CBH expanding everywhere but in WA. Keep on wasting money boys. pretty soon the crows will come home to roost and the empire building focus of the board will be seen as a wasted opportunity to create a company whose shareholders had reason to be loyal. Cos they got their equity. At the moment they're sending it oversees and quite frankly Russia is a far cry from new debate wally
Deregul8
6/08/2015 6:16:49 AM, on Farm Weekly

And how can you accumulate grain without putting significant capital at risk in this part of the world? What about WA? How about focussing on the core business? There is a bit of competition on the radar in case the board haven't noticed. What about value adding in our own backyard instead of Indonesia, Vietnam, Victoria etc? Geez!
x
6/08/2015 6:59:18 AM, on Farm Weekly

How about resolving the network revitalisation / rationalisation issue in WA as outlined at CEO / Director meetings earlier this year.
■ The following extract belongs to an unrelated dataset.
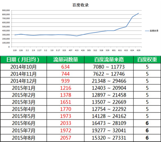 自然搜索uv从提升300%以上,网站百度权重从5增至6。
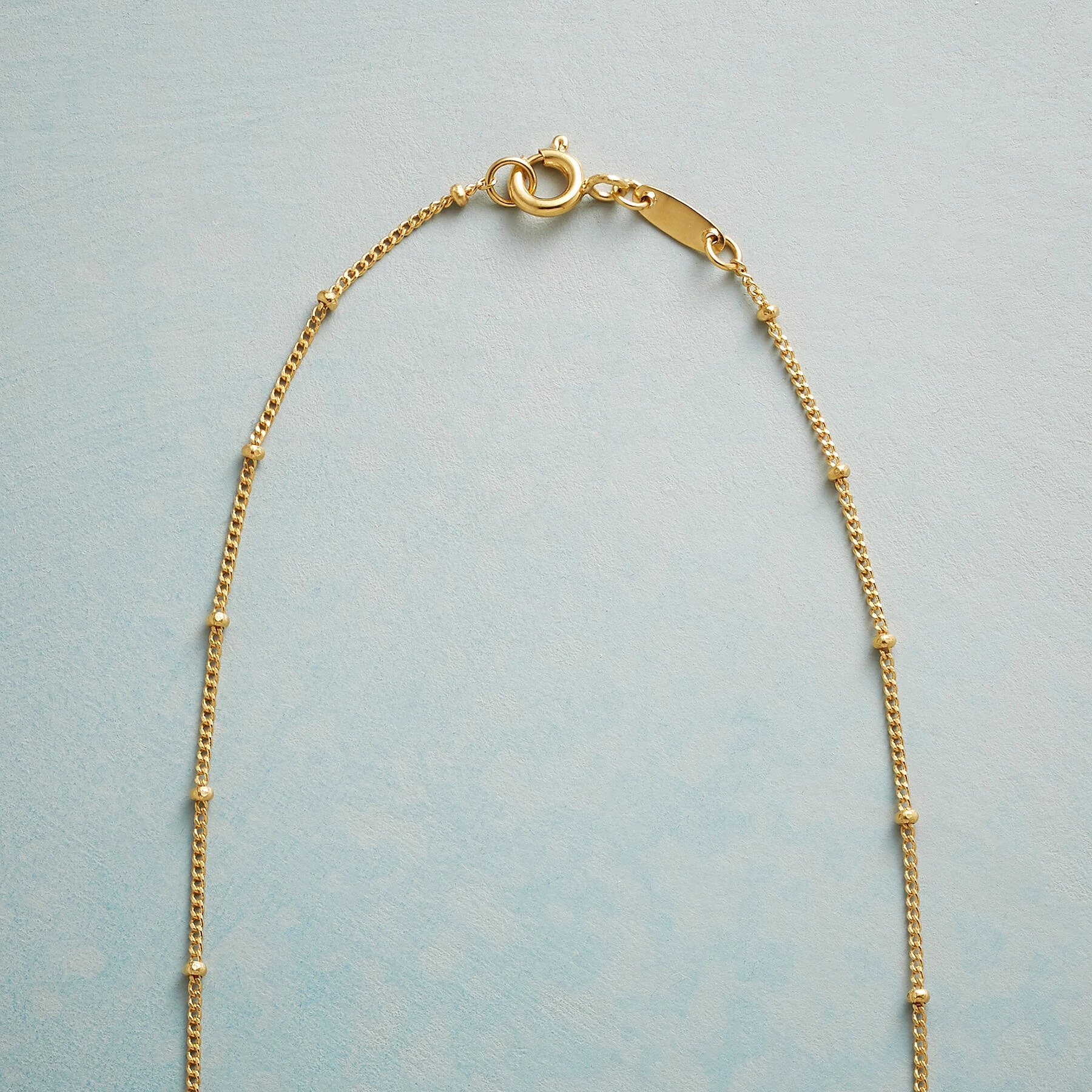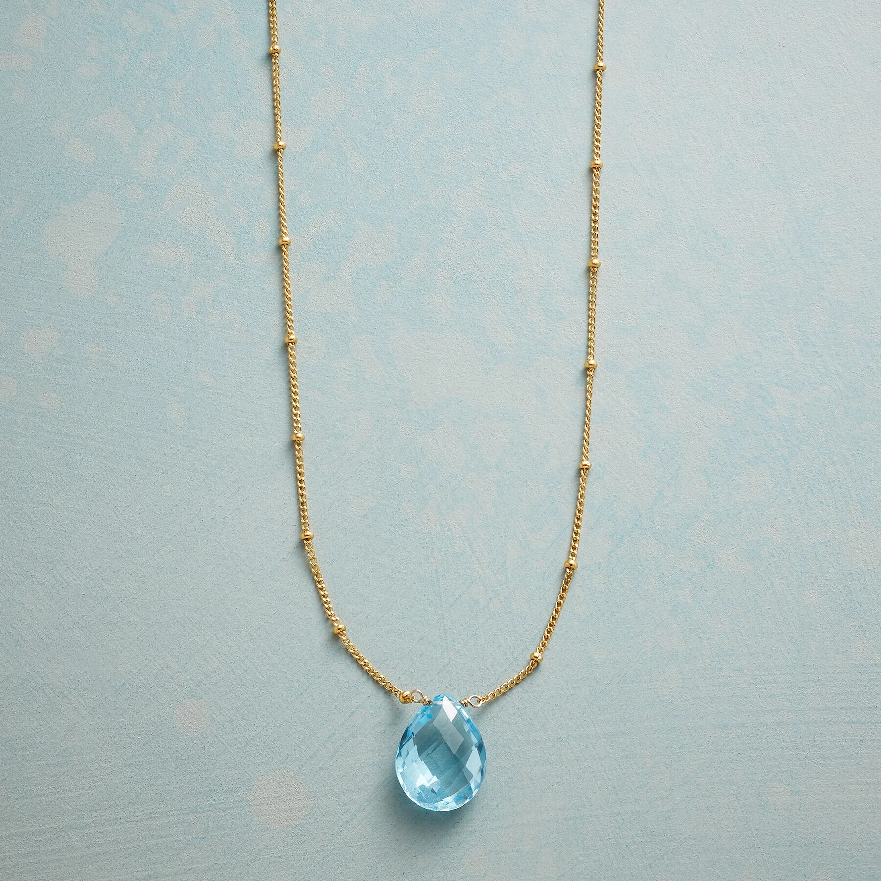 One droplet of lavishly faceted blue topaz embodies a sea of tranquility in this refined necklace. Handcrafted in USA on a beaded 18kt gold plated chain with spring ring clasp. 18″L.

Unless competitive efficiencies are delivered CBH will not survive
Free trader
6/08/2015 7:16:45 AM, on Stock & Land

Interesting development just after CBH and Interflour CEOs stated it was cheaper to get wheat to Indonesia from Ukraine rather than from Australia. Another question. Why has CBH largely closed its Melbourne office and opened in Russia? Whose standing up for Aussie wheat growers? Are we to solely rely on Austrade?
boris
6/08/2015 7:34:51 AM, on Farm Weekly

In 2013 CBH opened an office in Portland, Oregon, US. CBH said at the time that this move would enable us to strengthen our trading and marketing relationships in the region and service our customer's requirements with origination from multiple locations. Whatever happened to this office? The growers (apparently owners of CBH) have never received an update on the performance of the Portland office. Given the Pacific North West in the most competitive grain trading precinct on the planet maybe, just maybe, it has failed? And now we move on to Russia like nothing ever happen in Portland.
Gerry Atric
6/08/2015 8:32:28 AM, on Farm Weekly

Good point D8, let's concentrate all of our risk into 1 state in Australia, when grain is a world game. Then we will complain when the next drought comes around that CBH is too concentrated into 1 state in Australia, when grain is a world game.
Philip Downie
6/08/2015 9:07:26 AM, on The Land

Frankly there is no one standing up for Australian wheat and it is not possible given the structures in place, it is a dogs breakfast.
Interested Party
6/08/2015 10:44:08 AM, on Farm Weekly

I see the sheep are out bleating again. One day they might wake up as this would appear to be a low risk great opportunity for the guys in the west.
halfcocked
6/08/2015 12:00:48 PM, on Farm Weekly

How about CBH buying out the railway lease and that may save us growers some money in the long run. Better than investing our money in a Putin controlled country which may have trade sanctions envoked against it by the west at any time
boris
6/08/2015 12:03:43 PM, on Farm Weekly

I agree with your comment, x. The board of CBH will have to show leadership to rationalise the network but politics always gets in the way. It will only come about by someone else forcing their hand or someone else, full stop. The perks and status of the job far outweigh moving CBH into a position where it can compete because those directors promised nothing will change. Remember CBH is more than a bulk handler it is a way of life for some. Inevitably those that cheer for the co-op will face a rude awakening. The decline is slow at the moment, the band-aids are holding...just!